# Atala



## american psycho (Jul 21, 2005)

Got this online for $250. Had to get a bike to match the sweet wool jersey I scored for $50.

I'm waiting for delivery, and these are the best photos I've got for now. Looks like maybe an '85 with some Campagnolo stuff on it. Said no scratches or rust.

Once I take delivery I'll get some more detailled photos and hope I didn't get taken.

View attachment 246993


View attachment 246994


View attachment 246995


View attachment 246996


View attachment 246997


----------



## kbwh (May 28, 2010)

Looks nice! You need this kit as well, though:


----------



## velodog (Sep 26, 2007)

For $250 you didn't get taken.
Unless he spends the money and doesn't send the bike.


----------



## battaglin (Apr 19, 2002)

I think you got taken, the pedals are on backwards!
Seriously, that's very nice bike. good score!


----------



## Kuma601 (Jan 22, 2004)

Looking forward to your comments once the bike arrives. 
Pedals do look backwards. I didn't know it would thread on?


----------



## merckxman (Jan 23, 2002)

Looks like plenty of scratches in those photos...?? You definitely have to get the kbwh posted the photo of. Atala was a great brand back in the day...


----------



## american psycho (Jul 21, 2005)

i got screwed on this one - somewhere along the line the paint and decals got scratched to hell, and the worst is the frame is shot due to a frontal collision that stuffed the frame.

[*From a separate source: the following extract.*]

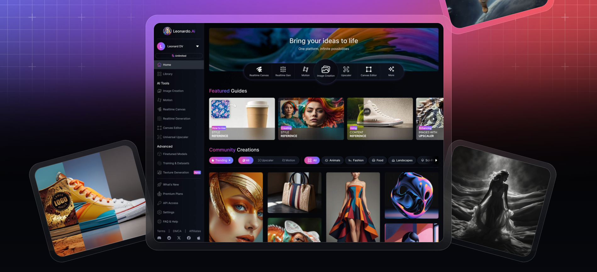 Leonardo.ai는 텍스트 프롬프트를 기반으로 고품질의 2D 일러스트, 캐릭터 디자인, 배경 아트, 아이템 디자인, 영상 클립 등을 생성해주는 멀티모달 AI 콘텐츠 생성 플랫폼이다.
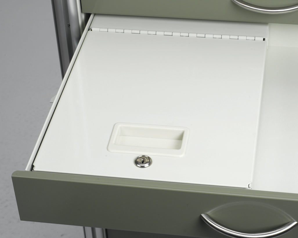 Lockable box for portable use or inside a 3"H drawer. Designed to fit two per drawer, or beside our AC-670S drug tray.

trying to get my money back, is hard here in switzerland, but i'll take this ass to court just to prove my point.

offered him $50 for the parts to try to keep it friendly.


----------



## american psycho (Jul 21, 2005)

Got the seller to deal and got the bike for $75, which is the value of the parts, if lucky.

Bummer, though, I was looking forward to having another nice bike to ride.

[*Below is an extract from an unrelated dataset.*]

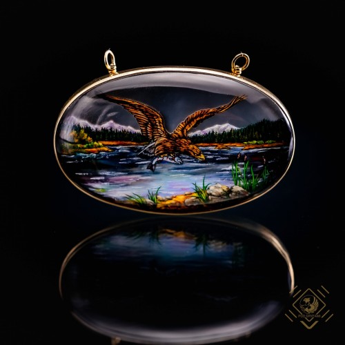 Prezentowana brosza powstała w 1925 roku i jest znakomitym przykładem zastosowania techniki essex crystal. Majestatyczny orzeł unoszący się nad mieniącą się taflą wody trzyma w szponach rybę. Całość oprawiona w 14 karatowe złoto. To piękne miniaturowe dzieło sztuki można wykorzystać jako wisior lub broszę dla kobiety lub efektowną zapinkę do fularu dla mężczyzny. Z pewnością będzie też ozdobą niejednej kolekcji miniatur.

Parts will land on another bike (1980 Gerber) and be sold. A zero sum game but better than smokin crack.


----------



## Kuma601 (Jan 22, 2004)

Wow, sorry to hear.


----------



## Fignon's Barber (Mar 2, 2004)

american psycho said:


> Got this online for $250.
> Said no scratches or rust.





Sorry the bike was bad. When I saw this my reaction was "no way". My first real racing bike was an Atala, columbus SL tubing, circa 1989. great frame, but if you breathed on it the paint chipped and it began to rust. Still have the cool striped jersey though. A bit of trivia: the striped jersey signifies a prison uniform, as the early Atala frames were made in an Italian prison by inmates.


----------



## american psycho (Jul 21, 2005)

Here's no rust or scratches, and in the first 2 pictures you can see the stress marks in the paint where it was stuffed (actually looks like damage from jumping).

View attachment 247410
View attachment 247411
View attachment 247412
View attachment 247413
View attachment 247414
View attachment 247415


----------



## Kuma601 (Jan 22, 2004)

Fignon's Barber said:


> Sorry the bike was bad. When I saw this my reaction was "no way". My first real racing bike was an Atala, columbus SL tubing, circa 1989. great frame, but if you breathed on it the paint chipped and it began to rust. Still have the cool striped jersey though. A bit of trivia: the striped jersey signifies a prison uniform, as the early Atala frames were made in an Italian prison by inmates.


Interesting. I wish they applied a clear over the decals, those didn't last long left exposed. Mine is still original but getting ugly as the paint is chipped and decals getting beat. The SL tubes didn't get clear either? I didn't pay much for the frame in the day compared to some others. This was helpful on a college student income. I still like mine, it didn't get much road time this year. 



american psycho said:


> Here's no rust or scratches, and in the first 2 pictures you can see the stress marks in the paint where it was stuffed (actually looks like damage from jumping).


Looks stressed but not buckled, strip it and see, that is if you want to go that far.


----------



## martinrjensen (Sep 23, 2007)

You know, you can have that frame straightened pretty easily. it won't even cost much. Course you would be looking at a repaint and then search for decals. Might be fun depending on your idea of fun. I've done it before on a few bikes.


----------